An ant with mass \(m\) is standing peacefully on top of a horizontal, stretched rope. The rope has mass per unit length \(\mu \) and is under tension \(F\).Without warning, Cousin Throckmorton starts a sinusoidal transverse wave of wave-length \(\lambda \) propagating along the rope. The motion of the rope is in a vertical plane. What minimum wave amplitude will make the ant become momentarily weightless? Assume that \(m\) is so small that the presence of the ant has no effect on the propagation of the wave.

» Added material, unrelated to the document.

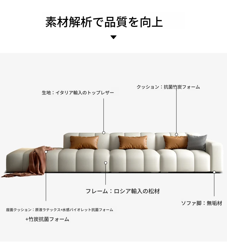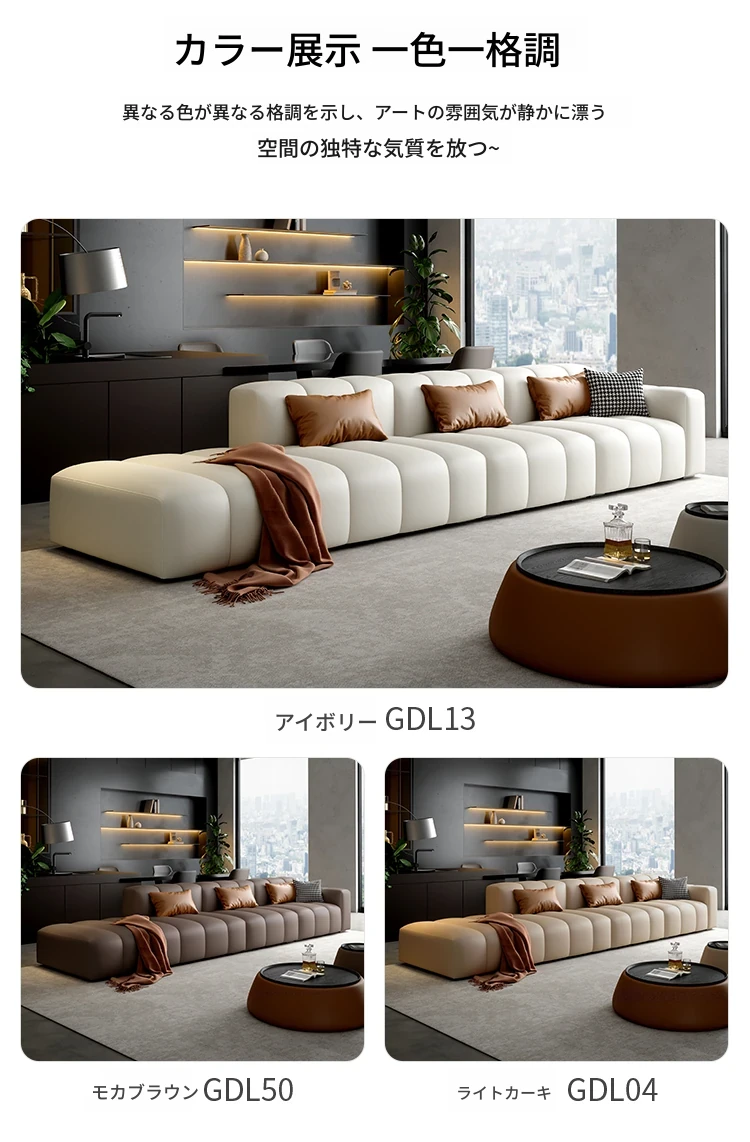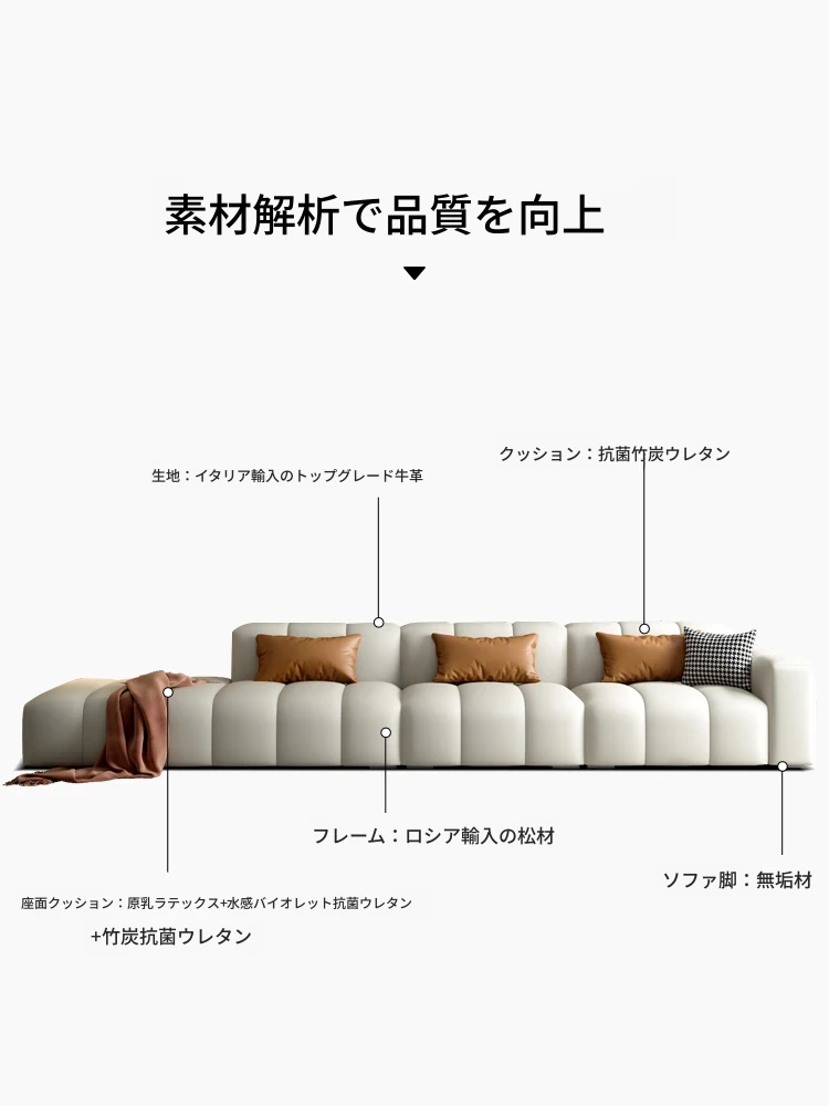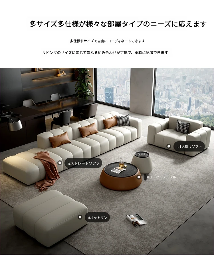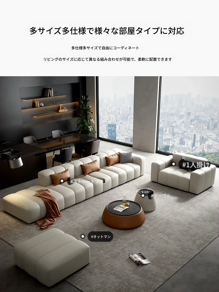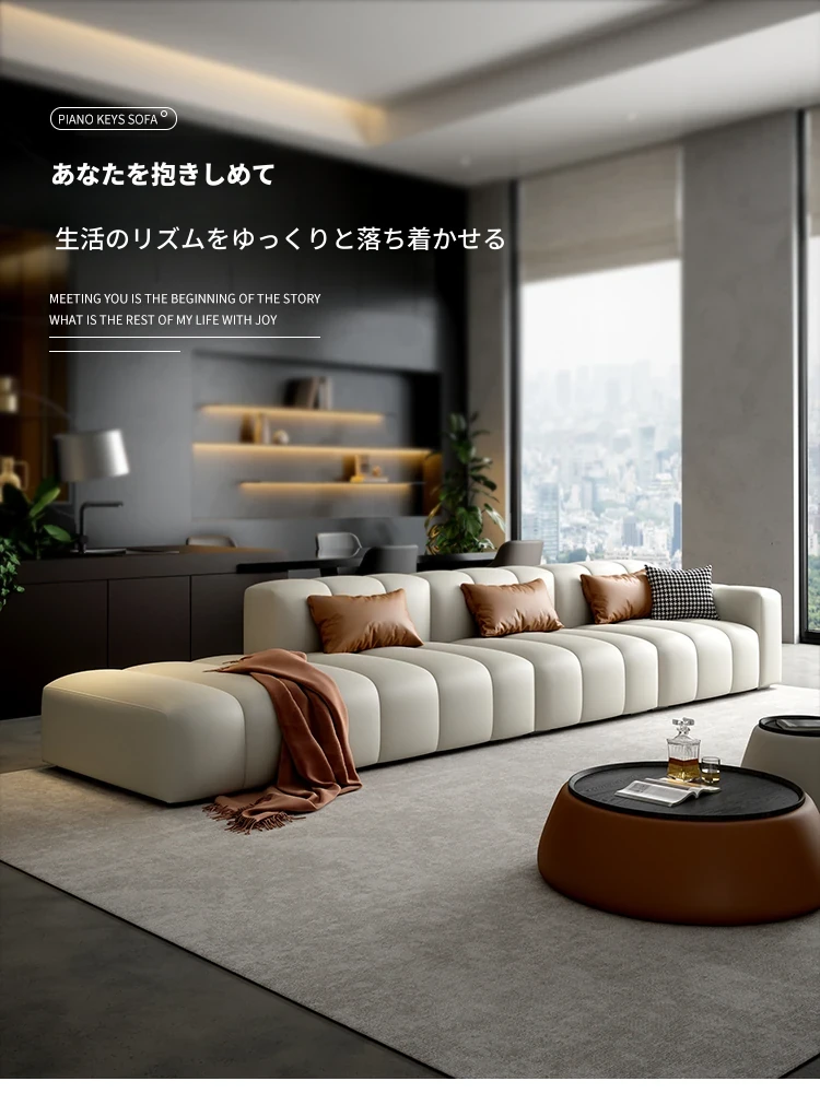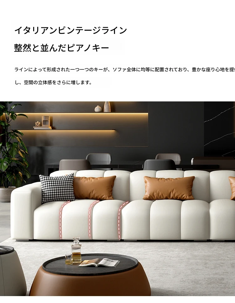 高級感溢れるピアノキー本革ソファ!イタリアンミニマリストデザイン、どんなリビングにもぴったり。上質な牛革使用で、快適さとスタイルを両立。小型・大型どちらの部屋にも最適な直排ソファ!

Wavelength of each string \(\lambda = 0.5\;{\rm{m}}\).

The mass per unit length \(\mu = 0.1\;{\rm{kg/m}}\).

Tension is \(F = 3.125\;N\)

And gravity due to acceleration is \(g = {\pi ^2}\).

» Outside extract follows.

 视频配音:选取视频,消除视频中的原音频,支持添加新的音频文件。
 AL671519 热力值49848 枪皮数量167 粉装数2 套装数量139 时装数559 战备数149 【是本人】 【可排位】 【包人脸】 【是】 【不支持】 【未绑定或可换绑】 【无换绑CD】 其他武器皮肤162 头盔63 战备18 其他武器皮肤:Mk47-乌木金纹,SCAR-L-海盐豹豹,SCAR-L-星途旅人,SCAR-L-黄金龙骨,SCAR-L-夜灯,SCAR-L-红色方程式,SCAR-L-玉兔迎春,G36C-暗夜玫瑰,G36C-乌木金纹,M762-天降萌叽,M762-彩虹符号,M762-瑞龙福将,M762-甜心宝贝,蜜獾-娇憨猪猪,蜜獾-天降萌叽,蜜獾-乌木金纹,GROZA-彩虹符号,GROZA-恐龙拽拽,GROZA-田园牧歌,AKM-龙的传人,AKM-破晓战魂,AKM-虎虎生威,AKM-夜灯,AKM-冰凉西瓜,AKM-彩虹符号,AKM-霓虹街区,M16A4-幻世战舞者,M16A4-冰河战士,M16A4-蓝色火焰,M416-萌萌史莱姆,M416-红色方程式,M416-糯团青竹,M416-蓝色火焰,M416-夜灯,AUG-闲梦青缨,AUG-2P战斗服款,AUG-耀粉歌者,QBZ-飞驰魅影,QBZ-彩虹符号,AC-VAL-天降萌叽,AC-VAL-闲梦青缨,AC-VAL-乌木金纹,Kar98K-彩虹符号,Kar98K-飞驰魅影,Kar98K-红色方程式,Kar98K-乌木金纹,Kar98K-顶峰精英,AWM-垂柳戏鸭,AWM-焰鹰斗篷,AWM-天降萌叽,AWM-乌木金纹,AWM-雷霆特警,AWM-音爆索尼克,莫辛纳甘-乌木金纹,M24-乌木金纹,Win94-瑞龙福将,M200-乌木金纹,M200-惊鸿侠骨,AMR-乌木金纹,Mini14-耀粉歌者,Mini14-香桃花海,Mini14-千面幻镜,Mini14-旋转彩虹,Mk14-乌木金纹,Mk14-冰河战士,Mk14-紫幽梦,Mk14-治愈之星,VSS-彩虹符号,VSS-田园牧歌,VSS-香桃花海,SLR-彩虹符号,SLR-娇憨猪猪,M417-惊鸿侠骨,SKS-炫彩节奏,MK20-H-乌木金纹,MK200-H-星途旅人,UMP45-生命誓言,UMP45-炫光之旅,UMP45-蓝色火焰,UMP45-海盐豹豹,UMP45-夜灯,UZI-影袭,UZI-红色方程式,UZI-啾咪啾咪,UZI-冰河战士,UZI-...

The maximum acceleration is written as\({a_{\max }} = {\omega ^2}A = g\). The angular velocity is\(\omega = \frac{{2\pi v}}{\lambda }\). And the velocity is\(v = \sqrt {\frac{F}{\mu }} \).Thus, the minimum amplitude is given by:

\({A_{\min }} = \frac{{g{\lambda ^2}\mu }}{{4F}}\)

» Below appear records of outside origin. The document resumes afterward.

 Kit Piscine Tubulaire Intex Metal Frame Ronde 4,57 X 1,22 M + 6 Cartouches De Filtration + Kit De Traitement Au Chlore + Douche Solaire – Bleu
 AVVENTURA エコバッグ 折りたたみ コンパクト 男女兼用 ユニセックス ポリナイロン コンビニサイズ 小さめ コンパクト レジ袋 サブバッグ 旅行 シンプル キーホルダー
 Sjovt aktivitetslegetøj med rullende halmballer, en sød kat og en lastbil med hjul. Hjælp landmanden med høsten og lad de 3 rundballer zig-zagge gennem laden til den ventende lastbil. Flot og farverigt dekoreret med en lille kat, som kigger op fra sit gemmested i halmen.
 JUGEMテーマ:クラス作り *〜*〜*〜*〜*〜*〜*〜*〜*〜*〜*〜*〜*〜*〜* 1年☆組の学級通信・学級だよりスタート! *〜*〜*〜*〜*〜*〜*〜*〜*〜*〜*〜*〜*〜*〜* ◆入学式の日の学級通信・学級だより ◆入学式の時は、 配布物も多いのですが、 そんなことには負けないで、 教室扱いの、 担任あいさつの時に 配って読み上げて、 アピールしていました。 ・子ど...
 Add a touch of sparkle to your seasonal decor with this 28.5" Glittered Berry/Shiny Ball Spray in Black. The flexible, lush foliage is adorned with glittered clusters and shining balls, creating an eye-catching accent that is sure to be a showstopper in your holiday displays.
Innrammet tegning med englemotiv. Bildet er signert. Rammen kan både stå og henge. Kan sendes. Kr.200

Here, \(F\) is tension, \(\mu \) is linear density .

According to the question,

\(\begin{array}{c}{A_{\min }} = \frac{{g{\lambda ^2}\mu }}{{4{\pi ^2}F}}\\ = \frac{{{\lambda ^2}\mu }}{{4F}}\\ = \frac{{0.5\;{\rm{m}} \times 0.5\;{\rm{m}} \times 0.1\;{\rm{kg/m}}}}{{3.125\;{\rm{N}}}}\\ = 2 \times {10^{ - 3}}\;{\rm{m}}\\ = 2\;{\rm{mm}}\end{array}\)

Hence, the minimum amplitude is \(2\;{\rm{mm}}\).